Pharmacokinetics and Metabolism of Delamanid, a Novel Anti-Tuberculosis Drug, in Animals and Humans: Importance of Albumin Metabolism In Vivo.
Article Details
- CitationCopy to clipboard
Sasahara K, Shimokawa Y, Hirao Y, Koyama N, Kitano K, Shibata M, Umehara K
Pharmacokinetics and Metabolism of Delamanid, a Novel Anti-Tuberculosis Drug, in Animals and Humans: Importance of Albumin Metabolism In Vivo.

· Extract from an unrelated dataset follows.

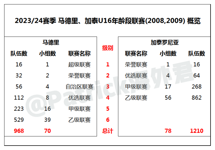 3. 球队数量不同。加泰4个级别各组均为最多16支球队,马德里前两级联赛为每组16队,第3级别至第6级别为每组最多14支球队;从整个联赛体系来看,加泰U16联赛各级别球队数量分别为16-64-268-862——球队数量跨度大,金字塔塔基更广、数量更多,而马德里U16联赛体系级别更多,各级别球队数量跨度更小,区分相对更细致。

Drug Metab Dispos. 2015 Aug;43(8):1267-76. doi: 10.1124/dmd.115.064527. Epub 2015 Jun 8.
- PubMed ID
- 26055620 [ View in PubMed]
- Abstract
Delamanid, a new anti-tuberculosis drug, is metabolized to M1, a unique metabolite formed by cleavage of the 6-nitro-2,3-dihydroimidazo[2,1-b] oxazole moiety, in plasma albumin in vitro. The metabolic activities in dogs and humans are higher than those in rodents. In this study, we characterized the pharmacokinetics and metabolism of delamanid in animals and humans. Eight metabolites (M1-M8) produced by cleavage of the imidazooxazole moiety of delamanid were identified in the plasma after repeated oral administration by liquid chromatography-mass spectrometry analysis. Delamanid was initially catalyzed to M1 and subsequently metabolized by three separate pathways, which suggested that M1 is a crucial starting point. The major pathway in humans was hydroxylation of the oxazole moiety of M1 to form M2 and then successive oxidation to the ketone form (M3) mainly by CYP3A4. M1 had the highest exposure among the eight metabolites after repeated oral dosing in humans, which indicated that M1 was the major metabolite. The overall metabolism of delamanid was qualitatively similar across nonclinical species and humans but was quantitatively different among the species. After repeated administration, the metabolites had much higher concentrations in dogs and humans than in rodents. The in vitro metabolic activity of albumin on delamanid probably caused the species differences observed. We determined that albumin metabolism is a key component of the pharmacokinetics and metabolism of delamanid. Nonhepatic formation of M1 and multiple separate pathways for metabolism of M1 suggest that clinically significant drug-drug interactions with delamanid and M1 are limited.